1. The Head and Shoulders (H&S)
The “King of Reversals.” This pattern shows the exact moment a trend runs out of steam. It consists of three peaks: a left shoulder, a higher head, and a lower right shoulder. The “Neckline” is your trigger point.
2. Flags & Pennants (The Continuation Engines)
In a strong trend, the market needs to “breathe.” A Bullish Flag is a small downward-sloping rectangle after a sharp move up. It’s like a spring being compressed—when it breaks, the next move is usually as large as the first one.
3. The “Measured Move” Math
Professional traders don’t guess their targets; they calculate them. For a flag, the target is the height of the Flagpole projected from the breakout point. For an H&S, it is the distance from the top of the Head to the Neckline.

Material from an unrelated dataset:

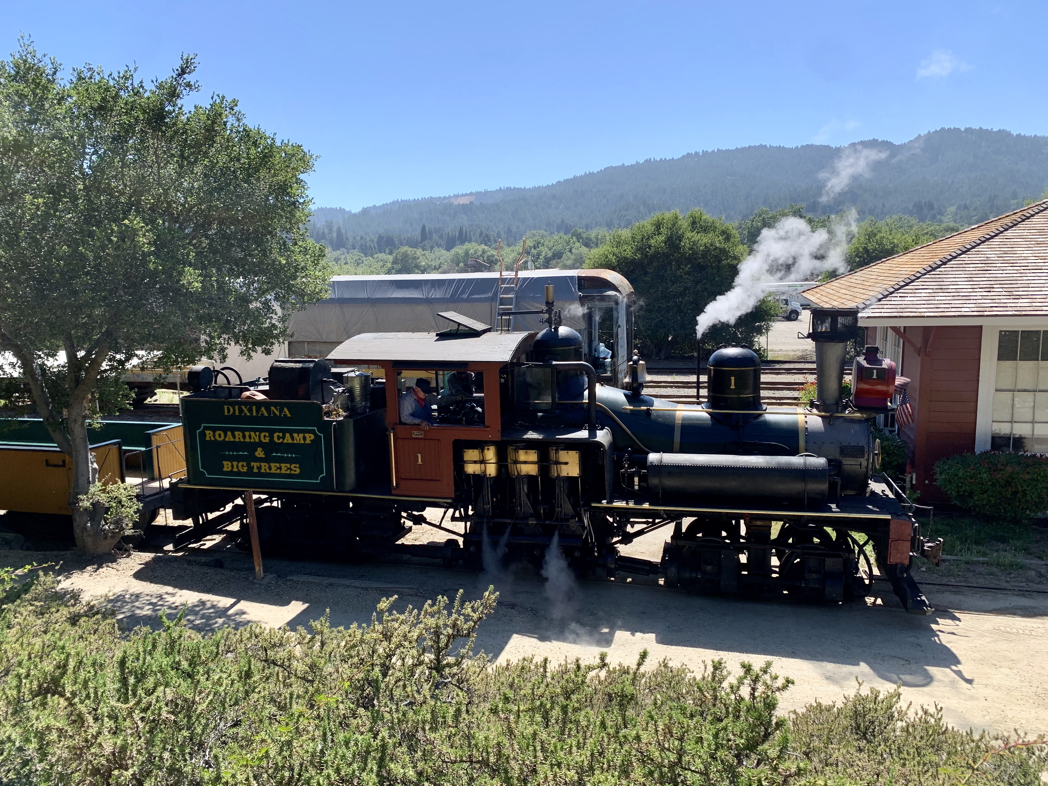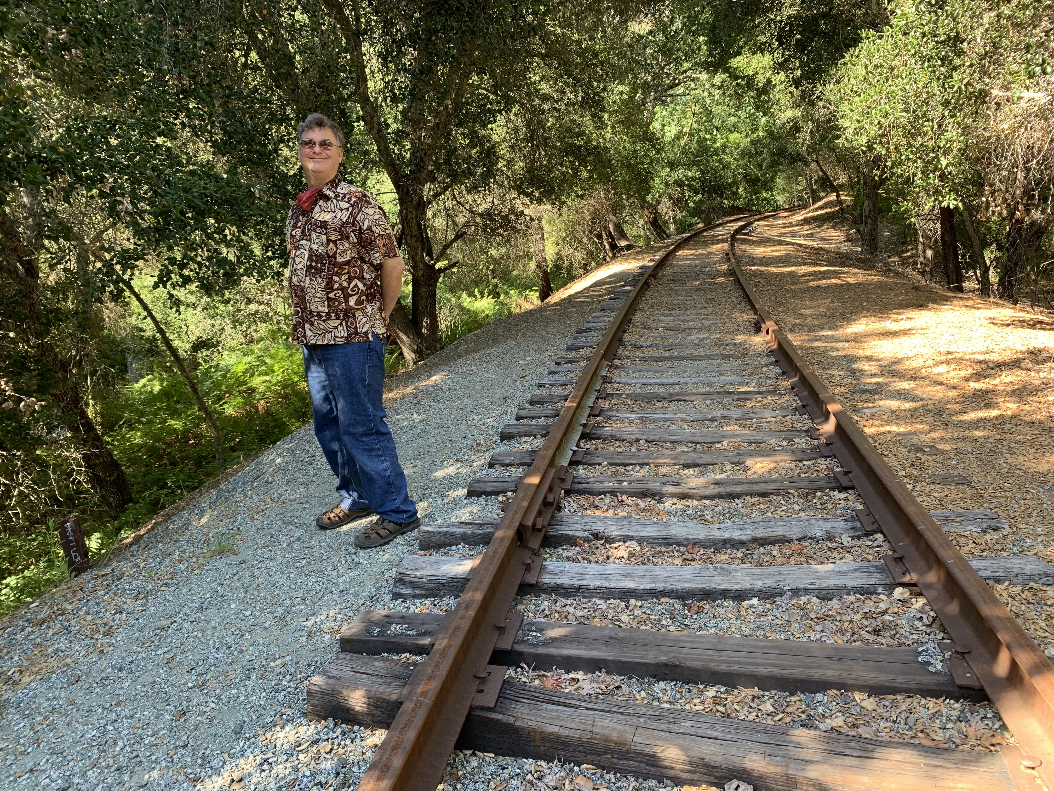 Some places we tried were clearly too crowded for comfort, so after admiring the beaches, and Roaring Camp steam engine from the car, we went for a walk along the Santa Cruz, Big Trees and Pacific rail line, in Felton. An almost-never-used rail line is a great place to walk, away from both people and poison oak.

4. The “No-Nonsense” Rule for Fakeouts
Banks love patterns because they know exactly where retail traders place their orders. To avoid the trap, follow the Close and Confirm rule: Only enter a trade once a candle has closed decisively outside the pattern on a 4H or Daily chart.
5. Pattern Confluence
A pattern is 10x more powerful if it forms at a major Support or Resistance zone. If you see a Bullish Flag forming right on top of a 18.50 ZAR support level, you have a “Golden” high-probability trade.